For all kinds of reasons, the Balfour Declaration cannot be considered as one of the British Imperialist Empire’s finest moments. It not only blessed the giving away of land that was not Britain’s to give, it was also a betrayal of a promise that London made to Arab leaders who fought alongside British troops to oust the Ottomans from the region. They were assured of independence “in the limits and boundaries proposed by the Sherif of Makkah”.

Zionists have a very different take. They believe the land they call Eretz Israel, encompassing Judea and Samaria (West Bank), was promised by God as though the Creator is a real estate broker. To this day, they maintain the deceit that Palestine was a land without a people, when this lie is easily disproved — thanks to the existence of black-and-white films as well as newsreels showing the cities of Jaffa, Haifa, Jerusalem and others throbbing with life. Entire villages and farming communities have since been erased from the face of the earth and from history books.

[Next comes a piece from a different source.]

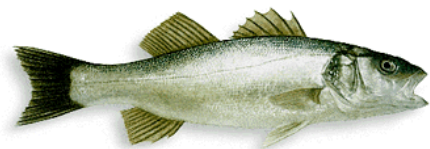
Figure 1: Spigola o Branzino (Sea bass)
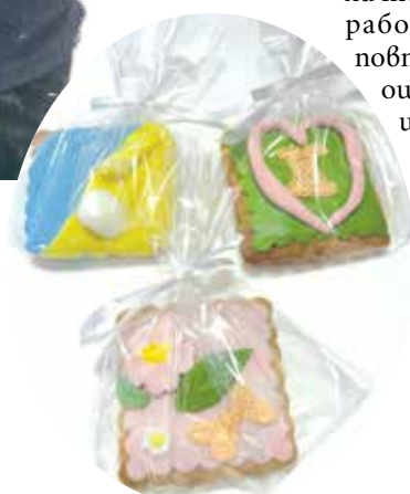
Всяко дете проявява своя творчески потенциал при изработването на украсата, без ограничения

След работилничката тя получава много отзиви на родители, което ѝ дава основание да продължи с подобни обучения по различни теми. „Имам план работилничката да се повтори и да продължи с още много издания, защото има запитвания и голям интерес“, обобщава несебърлицката.

That said, I cannot blame Jews who suffered centuries of persecution in Europe and Russia for seeking a place of safety and security that they could call home and the fact that so many sought sanctuary in Palestine during the Nazi Holocaust, when all other doors were shut fast, is understandable. If we are honest, all of us would have done the same thing in those circumstances.

When the newcomers first began arriving they were welcomed by Palestinians known for their hospitable nature. Little did they know that they would be subjected to a campaign of terror waged by Jewish terrorist groups, including the Irgun and Lehi gangs that massacred up to 150 inhabitants of Deir Yassin — among them women and children.

Palestinian families fled for their lives in the belief they would soon return. Their grandchildren eking out a living in camps today maintain that hope. Most of those who stayed face daily hardships and humiliation at the hands of the occupiers or have been packed into the world’s largest open prison Gaza at the mercy of Israeli missiles.

The idea of creating a Jewish state was worthy, but not at the cost of the indigenous population. There were several other alternatives in various parts of the world that were virtually unpopulated, but those floated were refused by the Zionists.

Weizmann wrote how he had fought for Palestine in his memoir: “‘Mr Balfour, suppose I was to offer you Paris instead of London, would you take it?’ He sat up, looked at me, and answered: ‘But Dr Weizmann, we have London.’ ‘That is true,’ I said, ‘but we had Jerusalem when London was a marsh’.” That same arguments stand for the Palestinians who are expected to accept the crumbs that Israel cares to throw their way.

Britain’s pride is nothing but arrogance. May wants to dance upon Palestinian graves and gloat over their agony. She and her government should be ashamed of their heartless, insensitive stance.

Linda S. Heard is an award-winning British political columnist and guest television commentator with a focus on the Middle East.